14th December 2025 - Third Sunday of Advent

Isaiah 35:1-10

When Isaiah penned his “Rivers In the Desert” poem, Judah was in a bad way—internally Judah was corrupt and externally it was under threat of foreign invasion. But the poet of audacious hope does not despair; instead he proclaims that God will come, and in that day it will be said, “Here is your God!” And what happens when God comes?

Isaiah first paints a picture of a dry and barren desert flourishing, then switches the image from the environment being healed to people being healed. On the day that God comes the blind will see, the deaf will hear, the dumb will speak, and the lame will leap. At the end of the poem Isaiah employs a zoomorphic literary device and speaks of a highway that runs through the now flourishing desert where there will be no beastly tyrants to disturb the peace and safety of the righteous who are traveling to Zion singing their songs of salvation. The healing wrought by the arrival of God is so complete that even sorrow and sighing flee away.
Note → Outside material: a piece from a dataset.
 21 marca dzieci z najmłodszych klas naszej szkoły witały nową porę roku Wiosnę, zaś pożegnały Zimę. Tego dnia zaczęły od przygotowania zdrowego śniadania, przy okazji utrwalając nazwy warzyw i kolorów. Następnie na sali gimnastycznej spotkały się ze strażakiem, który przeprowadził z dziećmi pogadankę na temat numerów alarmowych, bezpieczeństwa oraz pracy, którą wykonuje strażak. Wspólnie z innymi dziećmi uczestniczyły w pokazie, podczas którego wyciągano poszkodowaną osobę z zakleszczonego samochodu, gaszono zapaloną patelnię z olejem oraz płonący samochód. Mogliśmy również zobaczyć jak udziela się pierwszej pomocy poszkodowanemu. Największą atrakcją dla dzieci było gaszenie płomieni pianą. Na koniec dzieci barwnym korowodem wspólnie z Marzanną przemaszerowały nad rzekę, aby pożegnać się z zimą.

Someday it will be said, “Here is your God” and on that day all that is wrong will be set right. But for now, all we can do is wait.
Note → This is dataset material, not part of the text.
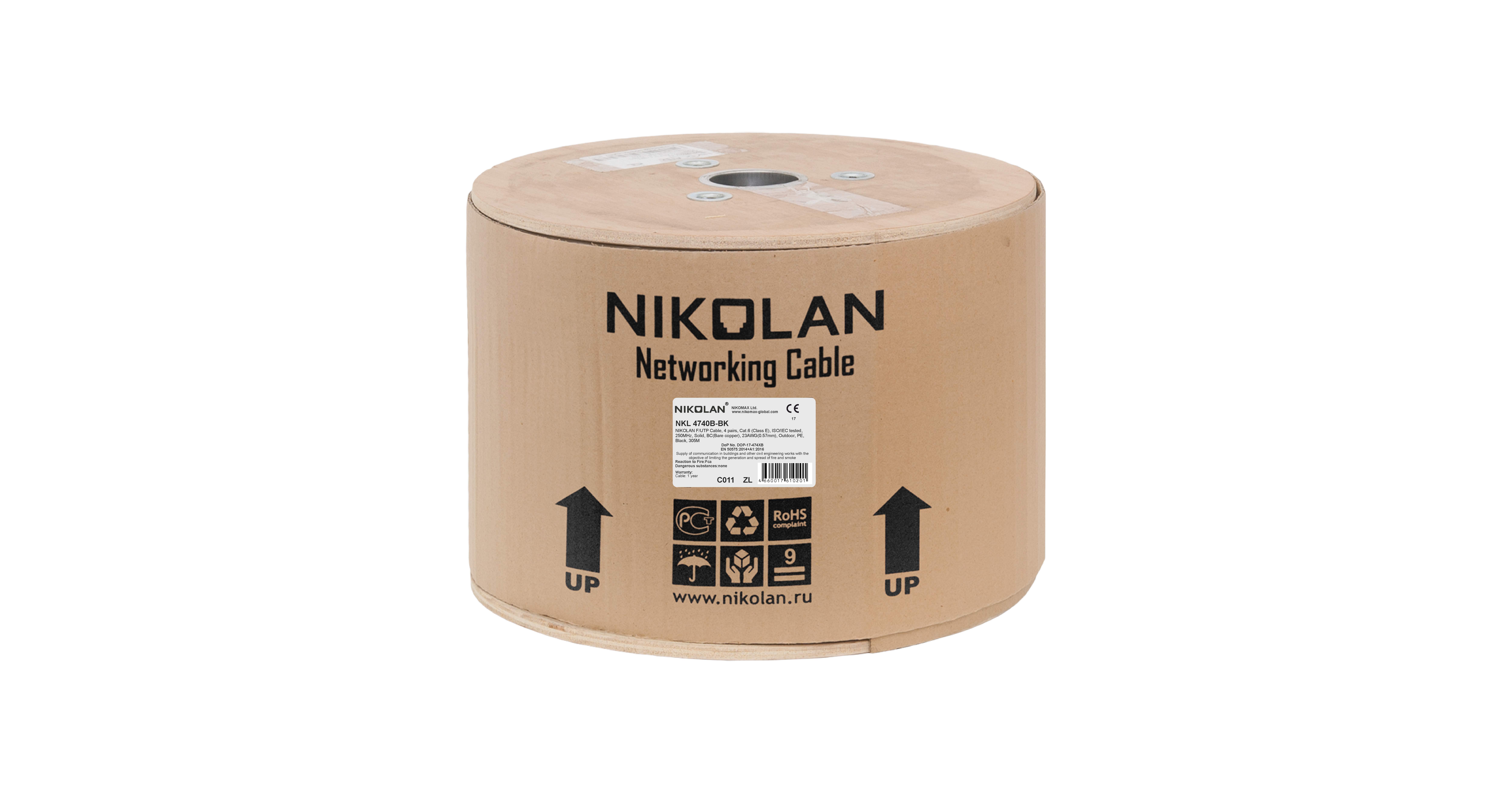 Кабель NIKOLAN F/UTP, 4 пары, кат.6, 23 AWG, внешний, PE, 305м

And that’s what Advent is for—learning to wait for God. In our high-tech, high-speed, high-stress age, we’re not very good at waiting—it feels too much like doing nothing. But it’s not doing nothing. As we wait, we slowly become contemplative enough to discern what God is doing. Unless we intentionally cultivate some contemplative slowness in our soul, it doesn’t matter if God acts, because we will most likely miss it. When God entered history definitively in Christ, a lot of people who should have perceived it and rejoiced, missed what God was doing or even resisted it. Quiet contemplatives like Simeon and Anna perceived the arrival of God’s salvation because they had learned how to wait.

The deeper truth is that God is always acting, because God is always loving his creation. The Father, Son, and Holy Spirit are always inviting us into their house of love. But when we are consumed by anger, harried by anxiety, and driven by impatience, we are blind and deaf to what God is actually doing in the present moment. God is always about to act in our life and in our world, but if we want to discern the actions of God we must learn to first wait in quiet contemplation. Advent is a season to keep watch and ponder the stars like the ancient magi, to keep vigil in the fields like the shepherds of Bethlehem. God is always about to act and God is always acting. The question is, can we perceive it? Another poem in Isaiah sums it up well:

Behold, I am about to do a new thing; now it springs forth.
Do you not perceive it?
I will make a way in the wilderness and rivers in the desert.
(Isaiah 43:19)

Let us pray, O God, you are always about to act and bring about a new thing; help us to wait patiently, that we might perceive and welcome what you bring to pass. Amen.